25. The method of claim 24, wherein the degree of vocal activity (γ I _n l _f J _7. ) Relative to a frequency band i is a function varying continuously between 0 and 1.

26. The method as claimed in claim 24 or 25, in which a long-term estimate (E _n -, _) of the energy of the noise-suppressed signal is calculated a priori in the frequency band i, and this long-term estimate is compared. to an instantaneous estimate (E_ II, 1.) of this energy, calculated over frame n, to obtain the degree of vocal activity (γ,) of the speech signal for frame n in the frequency band i.
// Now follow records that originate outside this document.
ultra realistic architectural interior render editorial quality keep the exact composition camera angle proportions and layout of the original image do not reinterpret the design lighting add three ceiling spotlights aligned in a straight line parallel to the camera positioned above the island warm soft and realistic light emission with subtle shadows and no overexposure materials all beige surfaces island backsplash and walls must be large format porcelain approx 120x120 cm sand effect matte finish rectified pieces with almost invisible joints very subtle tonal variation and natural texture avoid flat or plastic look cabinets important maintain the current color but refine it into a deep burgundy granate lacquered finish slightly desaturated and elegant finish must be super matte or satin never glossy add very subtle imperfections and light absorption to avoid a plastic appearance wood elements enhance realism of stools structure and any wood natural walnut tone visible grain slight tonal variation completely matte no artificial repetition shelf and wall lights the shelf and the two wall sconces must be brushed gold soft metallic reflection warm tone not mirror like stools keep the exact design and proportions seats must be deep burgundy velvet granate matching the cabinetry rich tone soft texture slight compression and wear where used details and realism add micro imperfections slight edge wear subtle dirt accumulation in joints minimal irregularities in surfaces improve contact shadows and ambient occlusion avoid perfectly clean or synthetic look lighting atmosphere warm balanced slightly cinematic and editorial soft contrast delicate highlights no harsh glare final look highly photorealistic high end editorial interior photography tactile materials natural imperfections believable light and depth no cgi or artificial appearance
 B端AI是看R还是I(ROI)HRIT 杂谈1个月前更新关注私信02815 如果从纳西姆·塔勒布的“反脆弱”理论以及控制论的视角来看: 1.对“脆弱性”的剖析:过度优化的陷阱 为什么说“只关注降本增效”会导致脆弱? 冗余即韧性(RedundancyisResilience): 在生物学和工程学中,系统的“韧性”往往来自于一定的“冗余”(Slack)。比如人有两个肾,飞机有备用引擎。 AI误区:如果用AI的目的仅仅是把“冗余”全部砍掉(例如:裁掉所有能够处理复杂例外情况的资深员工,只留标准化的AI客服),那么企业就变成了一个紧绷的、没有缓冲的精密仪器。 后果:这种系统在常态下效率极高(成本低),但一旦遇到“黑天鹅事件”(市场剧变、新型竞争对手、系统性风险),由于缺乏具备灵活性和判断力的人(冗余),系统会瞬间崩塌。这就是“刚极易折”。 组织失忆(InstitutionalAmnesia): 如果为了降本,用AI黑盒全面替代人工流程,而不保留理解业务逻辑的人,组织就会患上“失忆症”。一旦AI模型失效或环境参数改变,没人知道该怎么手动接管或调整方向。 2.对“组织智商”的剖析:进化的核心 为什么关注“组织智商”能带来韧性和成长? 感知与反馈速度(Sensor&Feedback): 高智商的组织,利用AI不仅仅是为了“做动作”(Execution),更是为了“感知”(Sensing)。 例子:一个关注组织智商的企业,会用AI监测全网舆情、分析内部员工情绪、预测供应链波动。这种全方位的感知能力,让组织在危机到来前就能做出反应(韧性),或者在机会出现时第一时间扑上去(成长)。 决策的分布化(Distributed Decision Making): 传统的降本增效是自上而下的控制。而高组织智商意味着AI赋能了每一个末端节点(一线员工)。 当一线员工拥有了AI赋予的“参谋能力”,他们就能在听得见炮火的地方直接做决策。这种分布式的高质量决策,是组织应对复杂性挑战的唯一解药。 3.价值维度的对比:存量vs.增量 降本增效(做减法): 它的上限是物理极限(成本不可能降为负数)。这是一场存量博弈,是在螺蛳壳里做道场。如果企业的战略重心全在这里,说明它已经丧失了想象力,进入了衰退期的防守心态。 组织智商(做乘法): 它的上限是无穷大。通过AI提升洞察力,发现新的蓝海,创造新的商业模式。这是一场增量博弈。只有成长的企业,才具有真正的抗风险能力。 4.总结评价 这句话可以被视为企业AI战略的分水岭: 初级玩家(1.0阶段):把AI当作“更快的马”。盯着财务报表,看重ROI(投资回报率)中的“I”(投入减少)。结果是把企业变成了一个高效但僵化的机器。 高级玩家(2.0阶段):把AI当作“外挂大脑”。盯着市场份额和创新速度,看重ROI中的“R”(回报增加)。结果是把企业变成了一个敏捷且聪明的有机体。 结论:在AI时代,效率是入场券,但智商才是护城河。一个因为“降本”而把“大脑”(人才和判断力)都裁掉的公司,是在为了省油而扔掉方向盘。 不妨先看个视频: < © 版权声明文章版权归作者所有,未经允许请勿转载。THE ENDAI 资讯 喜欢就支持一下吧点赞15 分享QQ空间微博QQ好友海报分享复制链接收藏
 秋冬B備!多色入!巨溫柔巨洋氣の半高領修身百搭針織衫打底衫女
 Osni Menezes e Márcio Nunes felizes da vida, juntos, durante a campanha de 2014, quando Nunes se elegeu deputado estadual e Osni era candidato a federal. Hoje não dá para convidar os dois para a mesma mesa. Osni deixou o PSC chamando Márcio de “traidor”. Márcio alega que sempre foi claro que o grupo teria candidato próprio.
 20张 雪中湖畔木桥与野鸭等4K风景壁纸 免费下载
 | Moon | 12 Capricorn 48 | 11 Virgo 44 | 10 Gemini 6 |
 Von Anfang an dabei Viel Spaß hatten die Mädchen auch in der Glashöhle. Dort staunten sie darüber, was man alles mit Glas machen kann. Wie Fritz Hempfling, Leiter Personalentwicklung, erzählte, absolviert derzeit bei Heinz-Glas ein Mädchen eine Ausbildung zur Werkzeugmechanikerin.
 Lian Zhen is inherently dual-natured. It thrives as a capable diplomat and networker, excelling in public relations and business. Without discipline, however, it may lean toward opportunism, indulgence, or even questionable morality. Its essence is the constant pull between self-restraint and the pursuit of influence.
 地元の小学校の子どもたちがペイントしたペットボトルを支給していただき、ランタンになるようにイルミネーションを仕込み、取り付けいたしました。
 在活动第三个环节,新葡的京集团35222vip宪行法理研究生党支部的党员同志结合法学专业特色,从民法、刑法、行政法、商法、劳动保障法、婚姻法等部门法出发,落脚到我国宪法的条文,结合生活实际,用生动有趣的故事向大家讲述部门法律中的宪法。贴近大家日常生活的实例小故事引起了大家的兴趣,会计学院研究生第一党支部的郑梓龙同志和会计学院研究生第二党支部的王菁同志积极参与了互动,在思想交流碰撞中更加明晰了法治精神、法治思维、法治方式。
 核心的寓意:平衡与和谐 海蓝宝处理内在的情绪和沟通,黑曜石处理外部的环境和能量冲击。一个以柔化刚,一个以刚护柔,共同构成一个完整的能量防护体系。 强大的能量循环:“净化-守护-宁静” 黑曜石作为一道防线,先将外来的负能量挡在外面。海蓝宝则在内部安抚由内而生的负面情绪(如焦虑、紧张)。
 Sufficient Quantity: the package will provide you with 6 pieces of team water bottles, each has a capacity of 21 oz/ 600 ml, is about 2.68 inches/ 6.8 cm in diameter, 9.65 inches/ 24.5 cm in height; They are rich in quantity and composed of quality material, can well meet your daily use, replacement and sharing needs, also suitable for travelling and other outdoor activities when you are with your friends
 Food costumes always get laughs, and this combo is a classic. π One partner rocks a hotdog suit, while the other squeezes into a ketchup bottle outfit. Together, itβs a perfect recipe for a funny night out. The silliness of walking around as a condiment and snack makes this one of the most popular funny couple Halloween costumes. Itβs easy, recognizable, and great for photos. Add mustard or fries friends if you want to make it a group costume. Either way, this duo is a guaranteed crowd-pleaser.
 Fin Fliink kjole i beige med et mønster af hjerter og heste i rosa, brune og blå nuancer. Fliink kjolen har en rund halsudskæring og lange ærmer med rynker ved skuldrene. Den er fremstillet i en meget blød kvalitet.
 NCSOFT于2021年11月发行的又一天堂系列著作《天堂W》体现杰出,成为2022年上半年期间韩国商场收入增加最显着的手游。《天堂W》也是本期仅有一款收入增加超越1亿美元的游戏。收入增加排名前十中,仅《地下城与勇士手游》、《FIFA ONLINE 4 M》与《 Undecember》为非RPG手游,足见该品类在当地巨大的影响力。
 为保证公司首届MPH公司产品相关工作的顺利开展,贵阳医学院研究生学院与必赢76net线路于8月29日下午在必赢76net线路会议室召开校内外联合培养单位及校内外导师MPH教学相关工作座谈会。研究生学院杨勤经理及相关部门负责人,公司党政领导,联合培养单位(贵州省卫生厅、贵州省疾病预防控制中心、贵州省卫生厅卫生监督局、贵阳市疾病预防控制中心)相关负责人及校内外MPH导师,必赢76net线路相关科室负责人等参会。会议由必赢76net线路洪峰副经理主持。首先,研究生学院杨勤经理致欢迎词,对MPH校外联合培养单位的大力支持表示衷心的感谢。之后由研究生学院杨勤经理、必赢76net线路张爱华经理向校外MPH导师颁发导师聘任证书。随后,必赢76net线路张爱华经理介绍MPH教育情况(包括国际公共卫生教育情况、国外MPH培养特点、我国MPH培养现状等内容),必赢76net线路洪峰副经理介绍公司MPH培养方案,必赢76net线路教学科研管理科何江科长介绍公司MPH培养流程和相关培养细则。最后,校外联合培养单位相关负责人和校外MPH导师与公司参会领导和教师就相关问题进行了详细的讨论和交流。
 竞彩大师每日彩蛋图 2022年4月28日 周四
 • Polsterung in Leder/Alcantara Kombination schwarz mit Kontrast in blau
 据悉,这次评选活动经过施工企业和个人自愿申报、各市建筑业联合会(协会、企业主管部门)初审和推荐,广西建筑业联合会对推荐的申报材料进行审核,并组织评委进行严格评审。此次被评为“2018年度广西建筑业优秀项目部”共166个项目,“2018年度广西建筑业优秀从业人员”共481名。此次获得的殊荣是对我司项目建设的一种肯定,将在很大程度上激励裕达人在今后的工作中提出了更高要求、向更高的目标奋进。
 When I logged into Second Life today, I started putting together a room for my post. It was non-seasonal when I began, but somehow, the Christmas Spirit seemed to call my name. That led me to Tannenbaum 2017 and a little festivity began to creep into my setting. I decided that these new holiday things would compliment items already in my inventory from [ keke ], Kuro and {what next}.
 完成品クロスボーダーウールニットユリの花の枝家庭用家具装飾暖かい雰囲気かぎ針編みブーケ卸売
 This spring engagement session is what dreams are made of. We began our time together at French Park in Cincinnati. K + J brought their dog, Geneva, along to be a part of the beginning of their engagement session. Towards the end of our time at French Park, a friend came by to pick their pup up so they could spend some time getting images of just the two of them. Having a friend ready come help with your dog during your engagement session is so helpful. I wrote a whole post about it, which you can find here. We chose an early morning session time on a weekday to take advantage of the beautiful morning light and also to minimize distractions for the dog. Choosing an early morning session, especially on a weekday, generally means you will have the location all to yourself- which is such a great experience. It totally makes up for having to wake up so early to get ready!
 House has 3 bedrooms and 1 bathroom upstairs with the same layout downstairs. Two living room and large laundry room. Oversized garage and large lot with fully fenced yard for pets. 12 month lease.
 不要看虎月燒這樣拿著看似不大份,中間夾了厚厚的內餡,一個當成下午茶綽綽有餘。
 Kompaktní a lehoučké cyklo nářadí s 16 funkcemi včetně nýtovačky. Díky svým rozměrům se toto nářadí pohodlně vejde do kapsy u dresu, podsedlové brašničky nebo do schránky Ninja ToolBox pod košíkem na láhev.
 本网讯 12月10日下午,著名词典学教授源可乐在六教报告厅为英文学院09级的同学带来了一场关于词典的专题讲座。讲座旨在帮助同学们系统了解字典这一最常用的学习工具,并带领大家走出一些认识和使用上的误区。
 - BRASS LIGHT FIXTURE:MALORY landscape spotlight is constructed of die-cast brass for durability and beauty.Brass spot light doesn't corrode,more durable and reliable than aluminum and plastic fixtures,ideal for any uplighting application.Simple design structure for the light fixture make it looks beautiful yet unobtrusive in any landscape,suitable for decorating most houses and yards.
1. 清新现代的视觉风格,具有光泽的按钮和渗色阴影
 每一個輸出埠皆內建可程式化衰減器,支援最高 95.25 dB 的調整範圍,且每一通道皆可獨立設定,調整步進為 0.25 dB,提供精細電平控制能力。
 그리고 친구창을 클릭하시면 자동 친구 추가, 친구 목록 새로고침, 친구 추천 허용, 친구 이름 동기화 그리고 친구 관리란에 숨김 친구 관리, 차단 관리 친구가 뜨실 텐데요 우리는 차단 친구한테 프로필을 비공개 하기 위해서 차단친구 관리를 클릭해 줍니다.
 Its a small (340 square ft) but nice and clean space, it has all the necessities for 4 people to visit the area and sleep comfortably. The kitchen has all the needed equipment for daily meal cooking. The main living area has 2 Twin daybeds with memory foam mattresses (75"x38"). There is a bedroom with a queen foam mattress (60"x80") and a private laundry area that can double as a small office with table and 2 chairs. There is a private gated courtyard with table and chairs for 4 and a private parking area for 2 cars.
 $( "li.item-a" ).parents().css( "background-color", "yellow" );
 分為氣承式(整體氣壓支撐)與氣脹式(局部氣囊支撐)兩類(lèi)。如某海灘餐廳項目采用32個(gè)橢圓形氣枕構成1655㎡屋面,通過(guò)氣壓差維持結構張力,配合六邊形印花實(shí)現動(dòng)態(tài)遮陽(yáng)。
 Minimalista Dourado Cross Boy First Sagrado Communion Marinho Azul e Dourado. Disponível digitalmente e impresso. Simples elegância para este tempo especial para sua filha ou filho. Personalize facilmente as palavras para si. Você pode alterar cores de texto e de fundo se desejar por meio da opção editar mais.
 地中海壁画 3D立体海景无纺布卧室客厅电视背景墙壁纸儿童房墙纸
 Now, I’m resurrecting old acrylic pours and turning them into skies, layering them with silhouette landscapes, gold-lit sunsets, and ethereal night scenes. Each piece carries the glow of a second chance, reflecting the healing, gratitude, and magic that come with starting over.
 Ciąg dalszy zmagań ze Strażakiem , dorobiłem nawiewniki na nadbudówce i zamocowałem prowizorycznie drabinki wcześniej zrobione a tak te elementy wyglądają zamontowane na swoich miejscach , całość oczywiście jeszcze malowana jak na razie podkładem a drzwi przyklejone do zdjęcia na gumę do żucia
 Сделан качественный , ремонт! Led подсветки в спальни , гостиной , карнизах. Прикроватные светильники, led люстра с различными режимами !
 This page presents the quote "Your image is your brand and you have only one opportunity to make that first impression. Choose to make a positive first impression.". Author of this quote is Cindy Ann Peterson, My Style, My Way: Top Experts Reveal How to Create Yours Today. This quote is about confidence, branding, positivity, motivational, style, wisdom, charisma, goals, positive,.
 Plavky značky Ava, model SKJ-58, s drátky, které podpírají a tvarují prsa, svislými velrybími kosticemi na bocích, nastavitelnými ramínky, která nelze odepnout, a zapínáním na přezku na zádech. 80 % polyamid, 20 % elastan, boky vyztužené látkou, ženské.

27. Method according to any one of claims 23 to 26, in which the measurement (

) of the variability of a spectral component of the noise around its long-term estimate ( ^B _{n ι} ) for a frame n, said spectral component corresponding to a frequency included in a band i, is a function of the deviations

S n-k, i B n-k, i calculated for a given number of frames n-k <n on which the speech signal does not present any vocal activity in the band i.

28. Method according to any one of claims 23 to 26, in which the measurement (AB 11, ^a 1; ^x ) of the variability of a spectral component of the noise around its long-term estimate (B _n ) for a frame n, said spectral component corresponding to a frequency included in a band i, is a function of the maximum deviations max ^s nk, f ^B nk _f i calculated for a given number of fe [f (ι-l), fU) [ nk≤n frames on which the speech signal has no voice activity in the band i, S „n_K _u , _f r denoting the spectral component corresponding to a frequency f for the frame nk, and the frequency interval [ j (il), f (i) [corresponding to band i.